Our updated Program.i
method now looks like
public static void encode(Bitmap bm, byte[] data)
{
int num = 0;
for (int i = 0; i < bm.Width; i++)
{
for (int j = 0; j < bm.Height; j++)
{
if (num > data.Length - 1)
{
break;
}
Color pixel = bm.GetPixel(i, j);
int red = (pixel.R & 248) | (data[num] & 7);
int green = (pixel.G & 248) | (data[num] >> 3 & 7);
int blue = (pixel.B & 252) | (data[num] >> 6 & 3);
Color color = Color.FromArgb(0, red, green, blue);
bm.SetPixel(i, j, color);
num += 1;
}
}
}
Studying the code, we can understand how it encodes the data in the pixels. It encodes the information in the least significant bits of the RGB values so that it's not visible to the naked eye. A byte is comprised of 8 bits. The last 3 bits goes into red, next 3 to green and the remaining 2 to blue.
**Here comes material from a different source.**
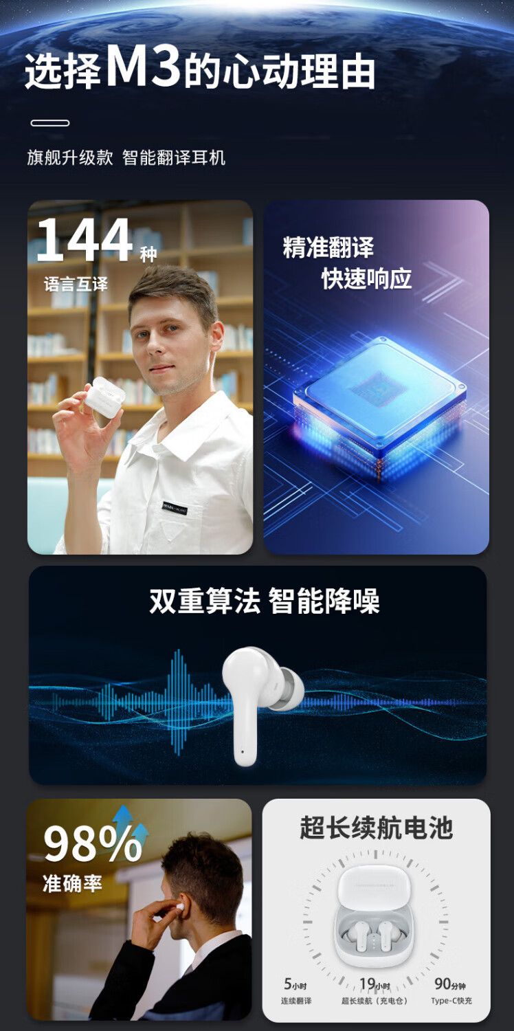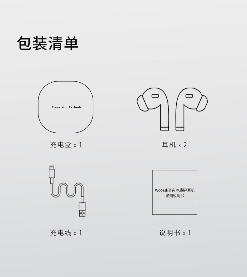 WOOASK Consulting M3 Simultaneous Translation Headset Two-way Translation Bluetooth Call Headset Overseas Travel Conference Headset Multi-Language Intelligent Translation Headset M3 Offline Version (Lightweight Basic Model) Comes with a Lifetime Offline Package

We have been provided with a bitmap image.bmp. We can recover the encoded data stored in it using the following cs-script.
//decodeimage.cs
using System;
using System.Drawing;
using System.IO;
class decodeimage
{
public static void Main()
{
string image_file = "image.bmp";
Bitmap bmp = new Bitmap(image_file);
byte[] ct = new byte[bmp.Width*bmp.Height];
int num = 0;
for (int i = 0; i < bmp.Width; i++)
{
for (int j = 0; j < bmp.Height; j++)
{
Color pixel = bmp.GetPixel(i, j);
byte bits_2_0 = (byte)(pixel.R & 7);
byte bits_5_3 = (byte)(pixel.G & 7);
byte bits_7_6 = (byte)(pixel.B & 3);
ct[num] = (byte)((bits_7_6 <<6) | (bits_5_3 <<3) | bits_2_0);
num++;
}
}
File.WriteAllBytes("ct.bin", ct);
}
}
The recovered data doesn't represent anything meaningful as it's encrypted as shown in Figure 34.
Reversing the encryption
To get back the original data we need to decrypt the recovered data. One way to do that is by studying the encryption logic and try to develop a decrypter. However, we will take a shortcut and bruteforce the original data instead. In other words we will encrypt all possible values that a byte can take (256 values) reusing the logic from the decompiled code. If the encrypted value matches, then our byte is correct.
//decrypt.cs
using System;
using System.Drawing;
using System.IO;
class decrypt {
public static byte b(byte b, int r) {/*snip*/}
public static byte d(byte b, int r) {/*snip*/}
public static byte e(byte b, byte k) {/*snip*/}
public static byte g(int idx) {/*snip*/}
public static void Main() {
byte[] ct = File.ReadAllBytes("ct.bin");
byte[] pt = new byte[ct.Length];
int num_backup = 0;
for (int i = 0; i < ct.Length; i++) {
for(byte xxx = 0; xxx <= 255; xxx++) {
int num = num_backup;
int num2 = g(num++);
int num3 = xxx;
num3 = e((byte)num3, (byte)num2);
num3 = b((byte)num3, 7);
int num4 = g(num++);
num3 = e((byte)num3, (byte)num4);
num3 = d((byte)num3, 3);
if(ct[i] == (byte)num3) {
pt[i] = xxx;
num_backup = num;
break;
}
}
}
File.WriteAllBytes("pt.bin", pt);
}
}
To keep it readable, I have not shown the entire code above. Running our decrypter we get a file with a BMP header which looks like Figure 35.
Since the encoded data is a bitmap, it's possible that some data has been hidden inside it as well. In the same way as we did earlier, let's recover the encoded data in it.
This time we get another BMP containing the flag.